No picture should appear in the copy. Transcribe exactly, and only, the lines from the one with "Venezia, fotomontaggio, il" through the last line of the data below.
(Given data Opens)
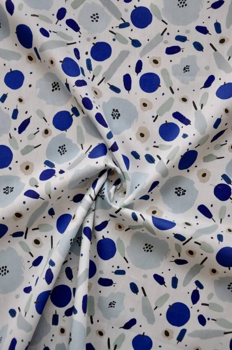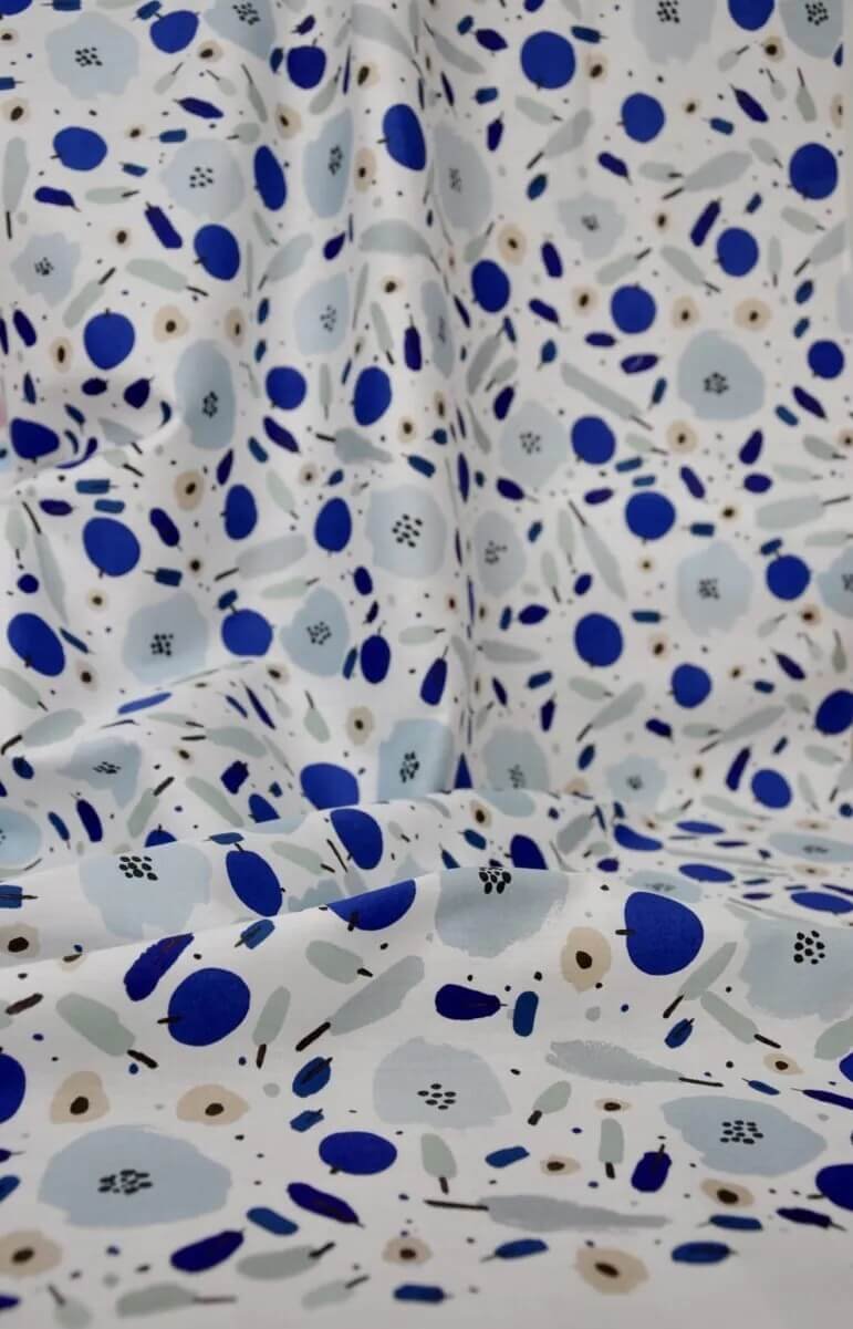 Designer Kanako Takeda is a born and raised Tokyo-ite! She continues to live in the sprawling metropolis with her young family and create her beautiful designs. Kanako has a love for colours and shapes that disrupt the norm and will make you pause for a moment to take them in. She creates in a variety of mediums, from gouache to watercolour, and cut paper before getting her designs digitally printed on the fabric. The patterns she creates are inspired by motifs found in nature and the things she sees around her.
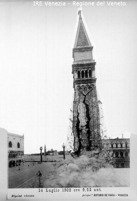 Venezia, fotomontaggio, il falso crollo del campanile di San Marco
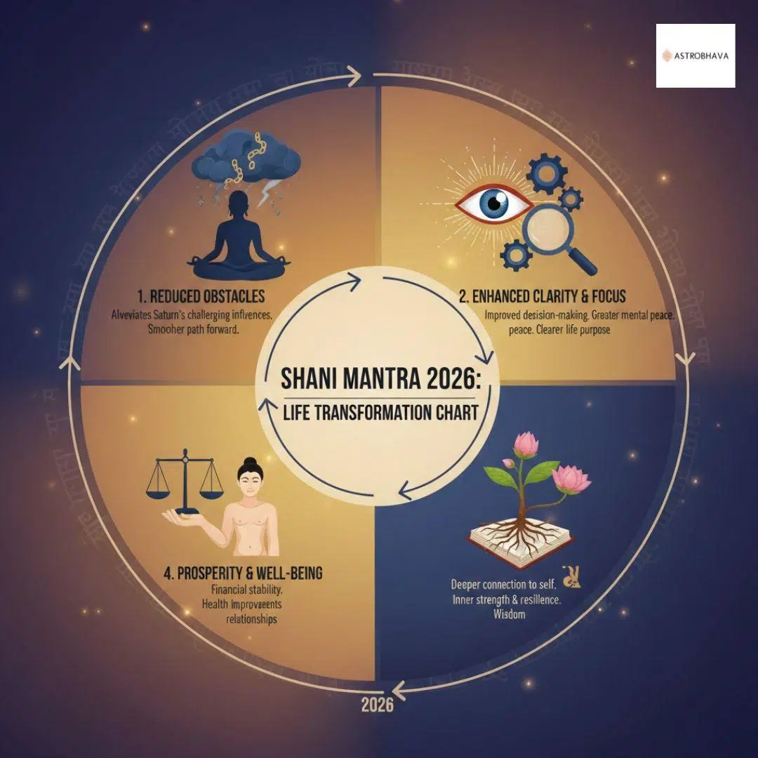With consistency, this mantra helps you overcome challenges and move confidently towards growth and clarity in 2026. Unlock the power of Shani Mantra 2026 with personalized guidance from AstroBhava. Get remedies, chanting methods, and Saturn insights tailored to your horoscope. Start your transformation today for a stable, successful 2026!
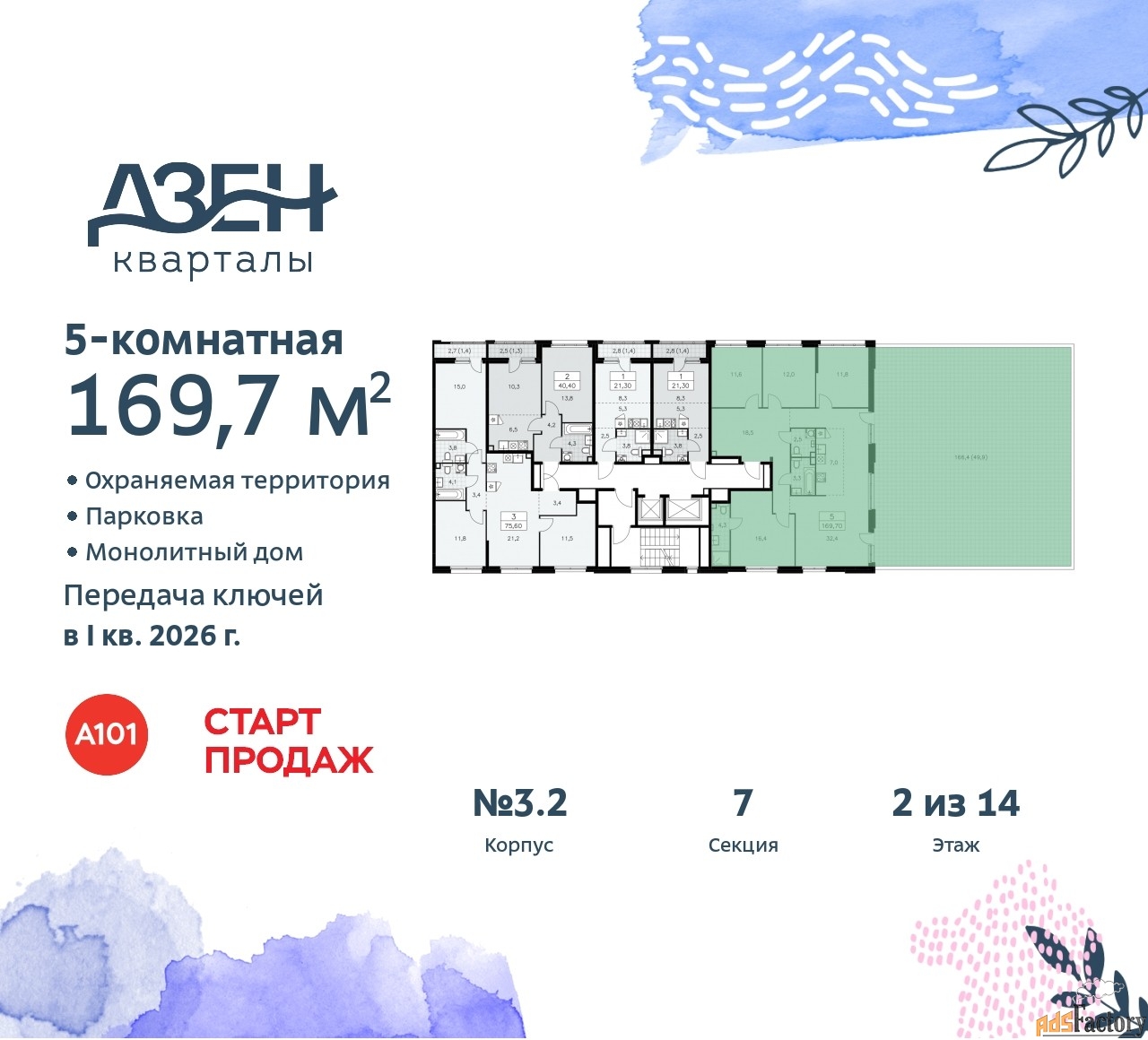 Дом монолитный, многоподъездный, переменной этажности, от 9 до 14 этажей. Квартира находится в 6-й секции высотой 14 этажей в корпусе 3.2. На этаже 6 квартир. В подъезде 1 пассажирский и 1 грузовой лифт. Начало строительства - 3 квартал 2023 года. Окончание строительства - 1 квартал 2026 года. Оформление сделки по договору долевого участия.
(Given data Closes)
Exercise result >>
 Venezia, fotomontaggio, il falso crollo del campanile di San Marco
With consistency, this mantra helps you overcome challenges and move confidently towards growth and clarity in 2026. Unlock the power of Shani Mantra 2026 with personalized guidance from AstroBhava. Get remedies, chanting methods, and Saturn insights tailored to your horoscope. Start your transformation today for a stable, successful 2026!
 Дом монолитный, многоподъездный, переменной этажности, от 9 до 14 этажей. Квартира находится в 6-й секции высотой 14 этажей в корпусе 3.2. На этаже 6 квартир. В подъезде 1 пассажирский и 1 грузовой лифт. Начало строительства - 3 квартал 2023 года. Окончание строительства - 1 квартал 2026 года. Оформление сделки по договору долевого участия.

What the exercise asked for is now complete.